ROME (AP) — The European charity ship Ocean Viking said Friday it rescued another 135 migrants, including a pregnant woman and eight children, from a double-decker boat in Maltese search-and-rescue waters.
In total, the vessel operated by the humanitarian group SOS Mediterranee was carrying 359 shipwreck survivors, it said, adding the ship had been assigned to the distant port at Ancona, in Italy’s central Marche region.
“Such a long navigation should never be imposed on persons rescued at sea,” the rescue organization wrote on X, formerly Twitter.
Non-governmental organizations operating in the central Mediterranean Sea have repeatedly warned that the far-right-led Italian government’s policy of assigning ports farther north keeps their rescue ships out of waters where they can be saving lives.
Migrants, mostly from the Middle East and Africa, often flee war and poverty in their own countries in search of a better life in European nations via the Mediterranean Sea.
Rome has recently ordered the ships to port after each rescue, punishing groups that conduct other rescues by holding ships in port for 20 days at a time.
The Ocean Viking has been subject to three such blocks over three months, the most recently from Feb. 8 until a judge lifted the block 10 days later.
Friday’s rescue came a day after survivors saved from a deflating rubber dinghy in the central Mediterranean on Thursday reported that some 60 people who departed from Libya with them more than a week ago had perished during the journey.

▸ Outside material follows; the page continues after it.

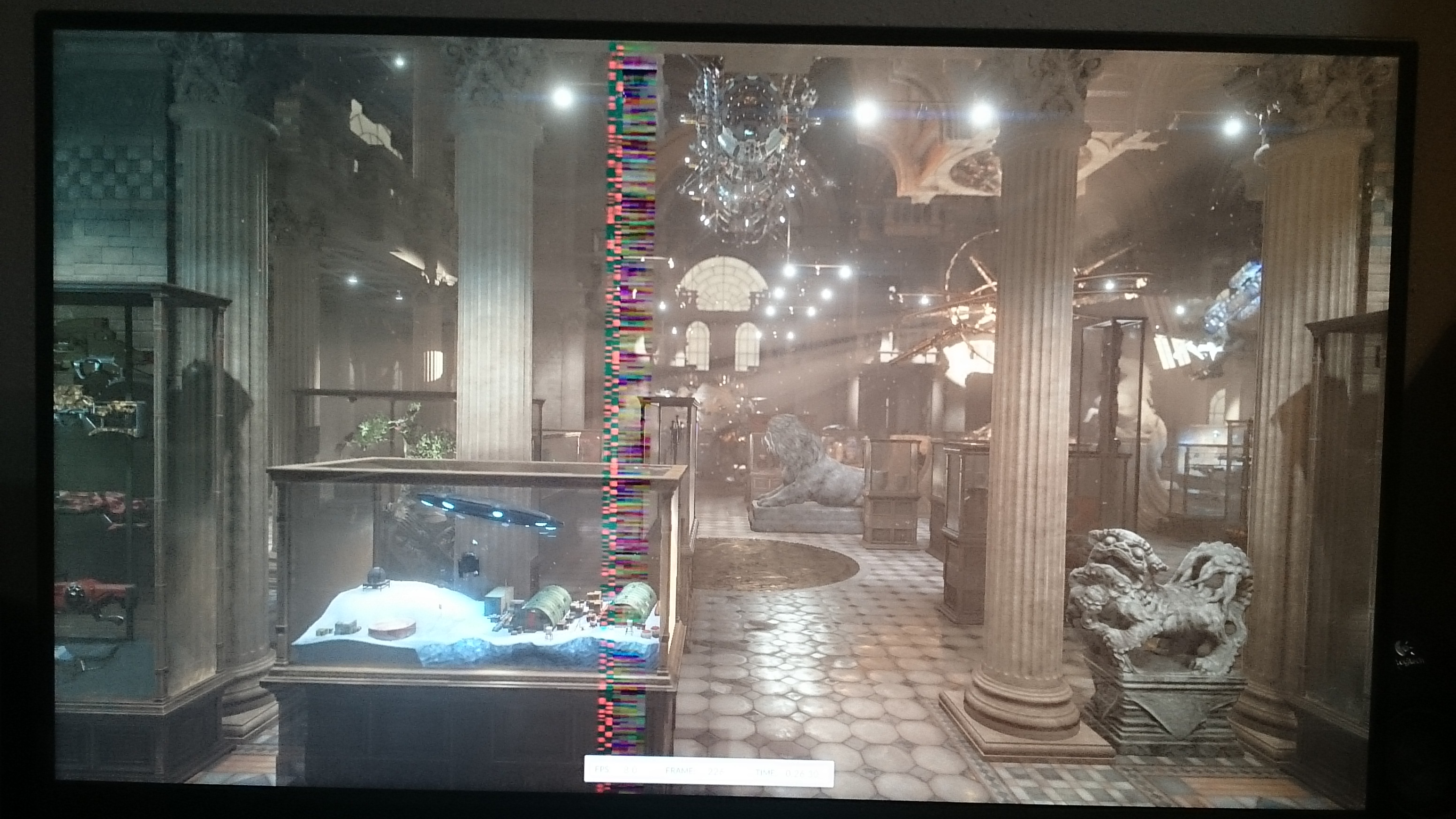 Bei Futuremarks 3Dmark ist zuerst auch alles gut gelaufen, beim Test "Time Spy" (und nur dort) gab es in beiden Abschnitten allerdings eine sich verändernde, vertikale Bildstörung. Diese ist auf meinen Fotos zu sehen.

The Ocean Viking spotted the dinghy with 25 people on board Wednesday. Two were unconscious and were evacuated to the Sicilian island of Lampedusa, some 60 miles (97 kilometers) to the north. The other 23 were in serious condition, exhausted, dehydrated and with burns from fuel on board the boat.
An SOS Mediterranee spokesman said the survivors were traumatized and unable to give full accounts of what had transpired during the voyage, adding that the number of missing and presumed dead was unlikely to ever be verified.
Humanitarian groups often rely on accounts of survivors when pulling together the numbers of dead and missing at sea, presumed to have died.
The U.N. International Organization for Migration says 227 people have died along the perilous central Mediterranean route this year through March 11, not counting the new reported missing and presumed dead. That’s out of a total 279 deaths in the Mediterranean since Jan. 1. A total of 19,562 people arrived in Italy using that route in the period.